With this award, the Chemistry of Life Processes Program in the Division of Chemistry is funding Professor Alexander Deiters at the University of Pittsburgh to develop new approaches to deactivate proteins and identify protein-protein interactions. Proteins, which are typically made up of naturally occurring amino acid units, play a wide range of roles in biological chemistry, including making chemical reactions faster and interacting with other proteins to start chemical and biological events. To understand the specific details of proteins involved in these events, Professor Deiters' team is developing new light-driven chemical reactions that change the atoms of only the key amino acid sites involved, which allows identification of the function of the protein or proteins crucial to the success of the chemical and biological events. The key amino acid sites are revealed by effectively weighing proteins after they have been marked with chemical reactions specific to the new atoms in the amino acids. Due to Professor Deiters' student recruiting strategies and the required combination of molecule making and protein chemistry, and cell biology, this project provides a unique training environment for the next generation of scientists at the interface of chemistry and biology, with them being highly diverse (greater than 60% from under-represented groups). Furthermore, to foster public understanding and interest in the research and training activities focused on light in biological processes, Professor Deiters and his team routinely offer outreach activities at local science museums. The hands-on outreach activities include the design of experiments that excite children at an early age about science, while showing them the involvement of chemistry in a range of everyday processes, such as reactions that make fireflies glow or sunscreens protect people from the sun's harmful rays.

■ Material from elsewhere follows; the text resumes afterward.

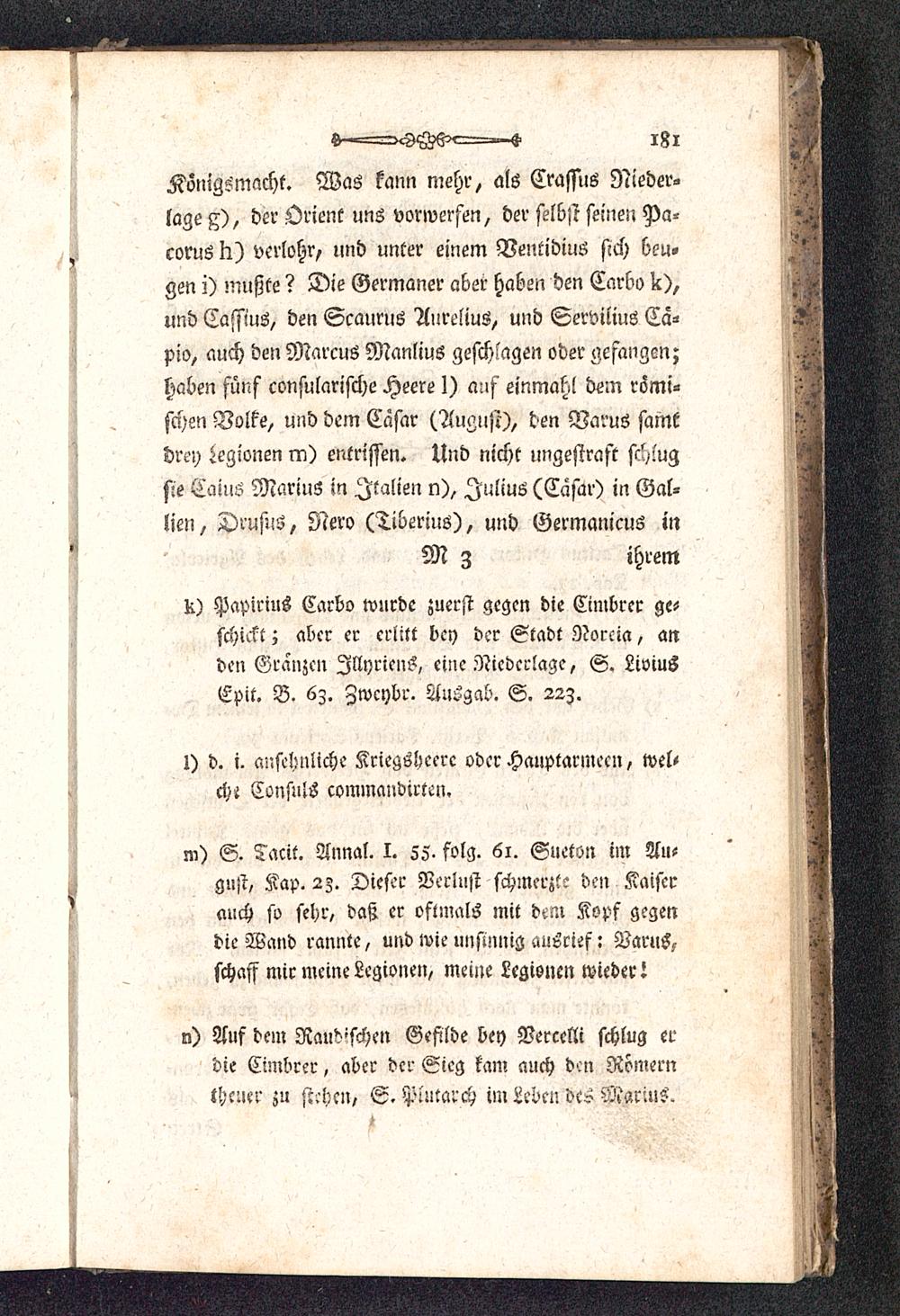 m) S. Tacit. Annal. I. 55. folg. 61. Sueton im Au-gust, Kap. 2Z. Dieser Verlust schmerzt? den Kaiserauch so sehr, daß er oftmals mit dem Kopf gegendie Wand rannte, und wie unsinnig ausrief: Varus ^schaff mir meine Legionen, meine Legionen wieder!

The site-specific introduction of photosensitive chromophores into target proteins enables spatial and temporal generation of singlet oxygen capable of reliably modifying protein structure and function with high precision. The approach is based on unnatural amino acid mutagenesis, followed by chromophore bioconjugation, thereby providing fully programmable control over the placement of singlet oxygen-generating chromophores. This affords exquisite control over the proximity of reactive oxygen species produced within protein surface landscapes and active sites. In addition to the light-triggered deactivation of protein function, the targeted protein oxidation enabled by this technology also allows for precise proximity-based labeling and pull-down, leading to the identification and mapping of protein-protein interactions.
This award reflects NSF's statutory mission and has been deemed worthy of support through evaluation using the Foundation's intellectual merit and broader impacts review criteria.